The bedroom was my prison for not five minutes, as the guy promised, but for the length of over two CDs—McCartney’s latest (the title of which I cannot recall), They Might Be Giants “Lincoln” album, and the first song of a Christmas album, which was soon changed over to James Taylor. I sat in my room and refused to come out. I did hear the salesman ask GAH “if the wife was around” and my husband said, “She won’t come out. She’s resting.” I was fuming. I couldn’t rest because there was a complete stranger in my house, wasting my husband’s precious dish-washing time! How was the kitchen going to get clean if he was sitting there watching some self-described “farm boy from Iowa” sprinkle baking soda and topsoil onto the carpeting and then make it disappear with a wave of his magic vacuum hose?
And guess how much Iowa farm boy wanted for his machine? First of all, consider a cheap Bissell from Target—which we own—is $70. Yes, it’s cheap. I know it’s not getting all the microscopic dirt up—heck, sometimes it doesn’t even suck up the stuff I can see. Yes, my carpet and furniture are dirty and will someday have to be replaced because it’s wearing out. The whole REASON that I have a disgusting carpet is NOT because I don’t own the vacuum that my son said took ten minutes just to unpack (my son watched because he loves vacuum cleaners), but because I have five children and two cats! So I was thinking, as I overheard the pitchman going into verbal paroxysms of joy over his hose and canister (and if that’s not an innuendo, I don’t know what is), what, like $500 maybe? $700? Nope, not even close, sisters. $60 a month FOR THREE YEARS. $60 times 12 months is $720. $720 times 3 years is **GASP** $2160!!!!!!!! For a freaking glorified broom, lint brush, and dustrag! He kept telling my husband stories of people on food stamps who bought this vacuum because it was so wonderful and money-saving! I might agree that it does a really good job, but does it do $2090 worth of a better of a job than my $70 Bissell Clean-view Bagless? To quote movie star and master of the English language, Will Smith, “Oh, HELL, no!”
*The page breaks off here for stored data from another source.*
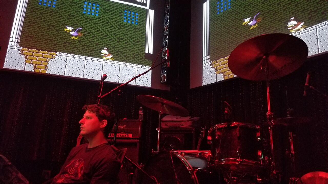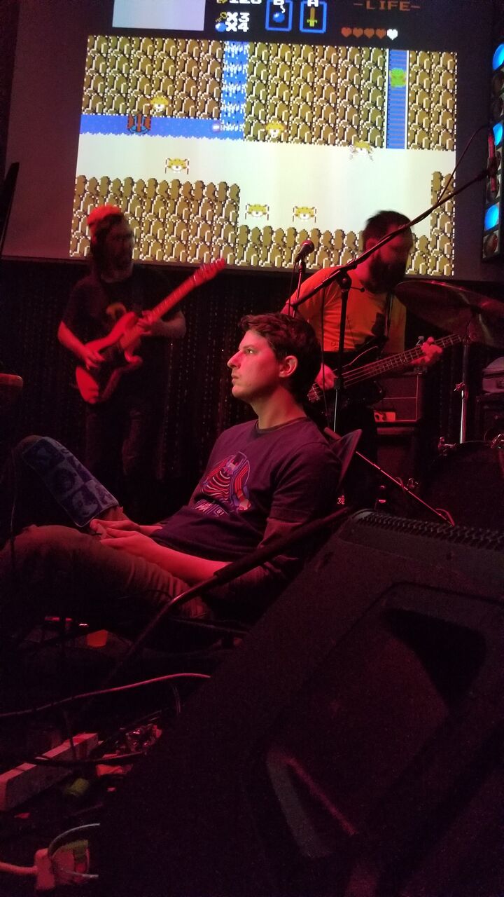 Noah had a TV in front of him and his game was projected on the screens behind them. So the band jammed the music to the game and every time he completed a level or moved to a new area they had to be alert to switch musical themes.
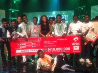 A two-man dance group, 'Robots for Christ' are the winners of the second edition of 'Nigeria’s Got Talent' show! The grand finale of the talent show which held today, Sat.Feb.02, 2014 saw the impressive pair crowned as winners after weeks of rehearsals and tense performances, beating nine other finalists.
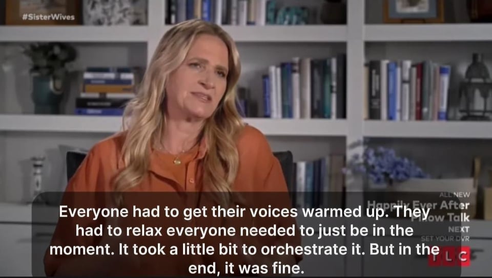 I thought that the singing Christmas carols was such a cute scene, especially Janelle holding up the words rather than singing in the confessional
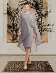 Sheath / Column Mother of the Bride Dress Wedding Guest Elegant Jewel Neck Floor Length Chiffon 3/4 Length Sleeve with Beading Sequin Fall
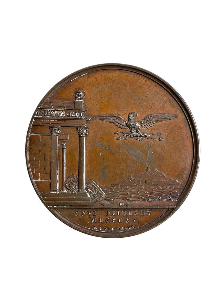 The 1820 Congress of Vienna Bronze Medallion is a historical artifact commemorating the diplomatic assembly in Vienna post-Napoleonic era. Made of sturdy bronze material, the medallion features intricate engravings and designs, relevant to the political event. Its ownership offers a tangible link to Europe’s pivotal history, primarily centered on peacemaking and territorial reconfiguration.

I had to laugh, though, when Mr. Iowa was telling GAH about how much money we could save on carpet replacement if we bought his vacuum and my husband said, “We don’t like this carpet. We’d rather have the new carpet than a new vacuum.” Unfortunately, that comment did nothing to dissuade or discourage the salesman. My husband, in my opinion, was way too nice in letting the man ramble on. I wouldn’t have even let the man in to clean the furniture. And even if I did, after 10 minutes I would have said, “Your five minutes ended five minutes ago. I am really busy so you’ll have to go.” Maybe I should have gone out there, but I didn’t want to be witchy in front of my husband. Besides, GAH let the guy in, he could extricate himself from the sales pitch. Finally Mr. Iowa gave up (not soon enough, though, I was beginning to starve in the bedroom, having not a single Snickers bar in there with me. I’ll have to plan ahead next time). I did have faith in advance that my husband would not buy it. If I was worried about GAH falling for the hype, I would have marched out there and dragged FarmBoy out the door by his hose.
Get this: when he finished packing up his vacuum, he asked if he could hang out downstairs and catch a few minutes of the 4th (and ultimately FINAL--Yay BoSox!) game of the World Series because his ride wasn’t back to pick him up yet. I almost bought the machine right then and there to vacuum up the unwanted, hard-to-get-rid-of sediment that had just deposited itself on my basement couch. It would have been worth every penny.